Data section -

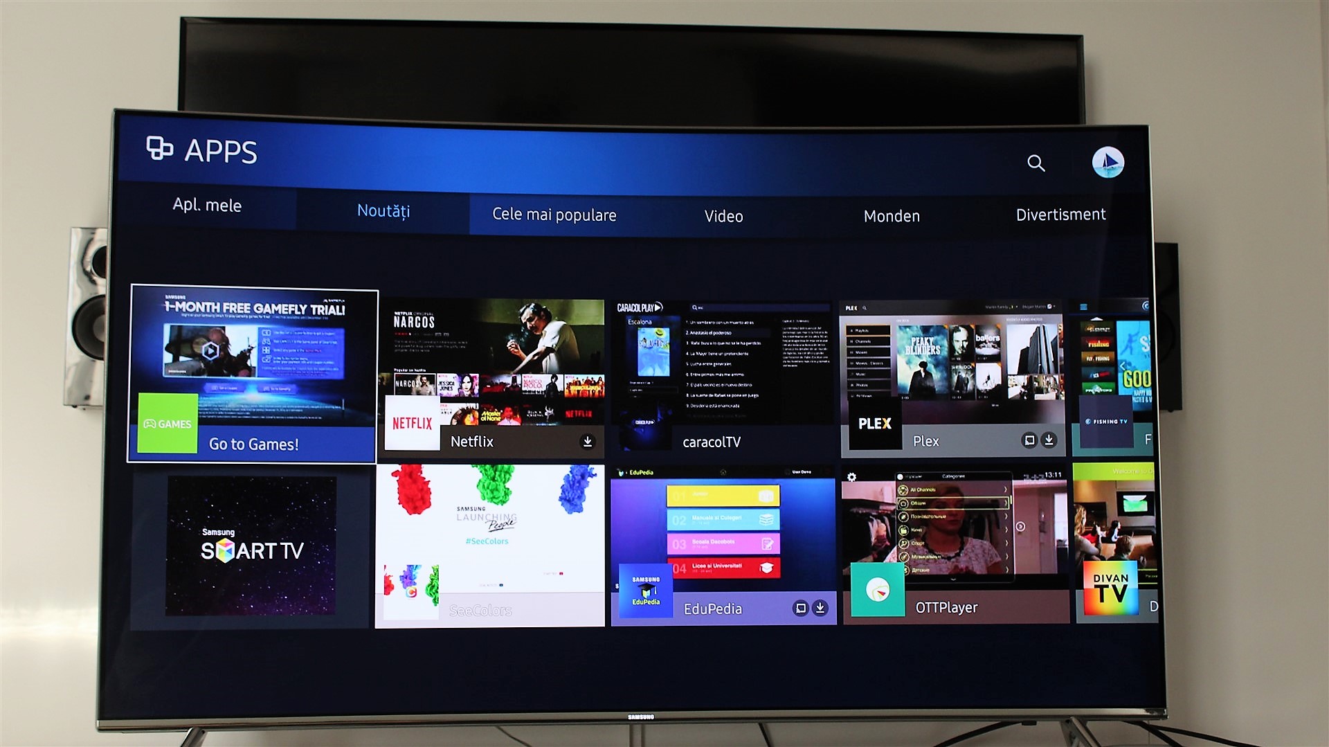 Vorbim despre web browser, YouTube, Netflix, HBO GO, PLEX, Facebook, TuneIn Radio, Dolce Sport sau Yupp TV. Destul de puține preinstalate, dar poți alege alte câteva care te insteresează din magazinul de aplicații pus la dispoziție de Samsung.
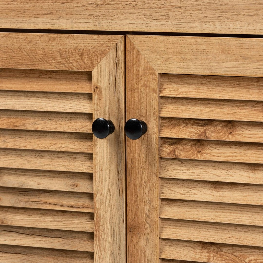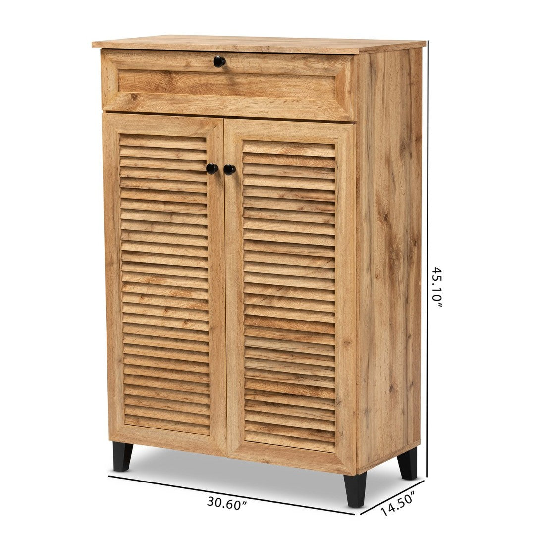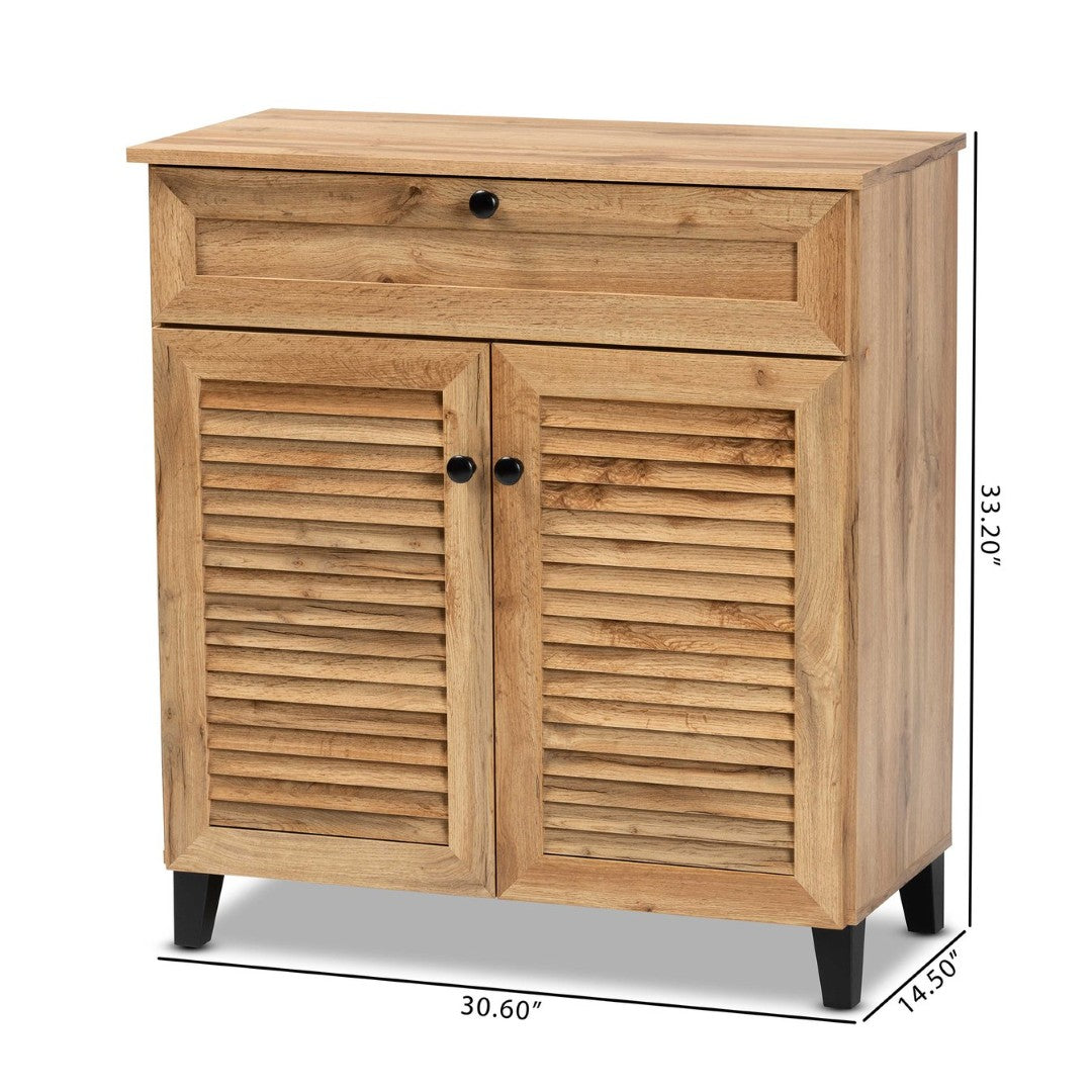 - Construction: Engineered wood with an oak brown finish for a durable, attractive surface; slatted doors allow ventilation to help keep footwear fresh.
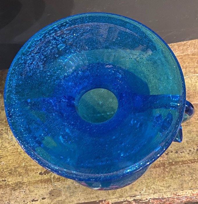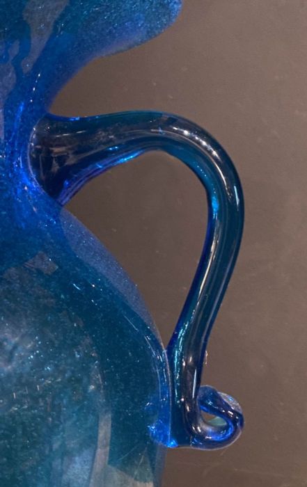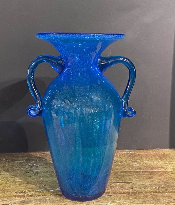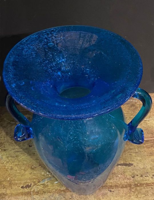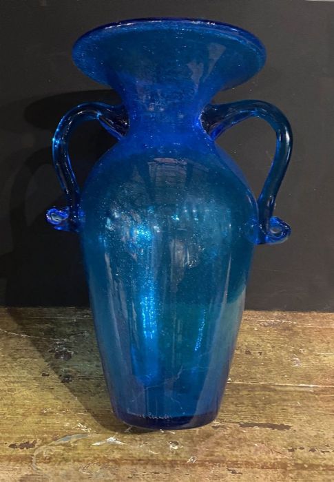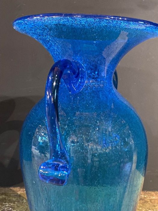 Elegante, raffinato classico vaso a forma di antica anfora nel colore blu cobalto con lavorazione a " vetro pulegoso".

Exercise requirements - Output the full material exactly as given, without its pictures.

Output of the exercise -
 Vorbim despre web browser, YouTube, Netflix, HBO GO, PLEX, Facebook, TuneIn Radio, Dolce Sport sau Yupp TV. Destul de puține preinstalate, dar poți alege alte câteva care te insteresează din magazinul de aplicații pus la dispoziție de Samsung.
 - Construction: Engineered wood with an oak brown finish for a durable, attractive surface; slatted doors allow ventilation to help keep footwear fresh.
 Elegante, raffinato classico vaso a forma di antica anfora nel colore blu cobalto con lavorazione a " vetro pulegoso".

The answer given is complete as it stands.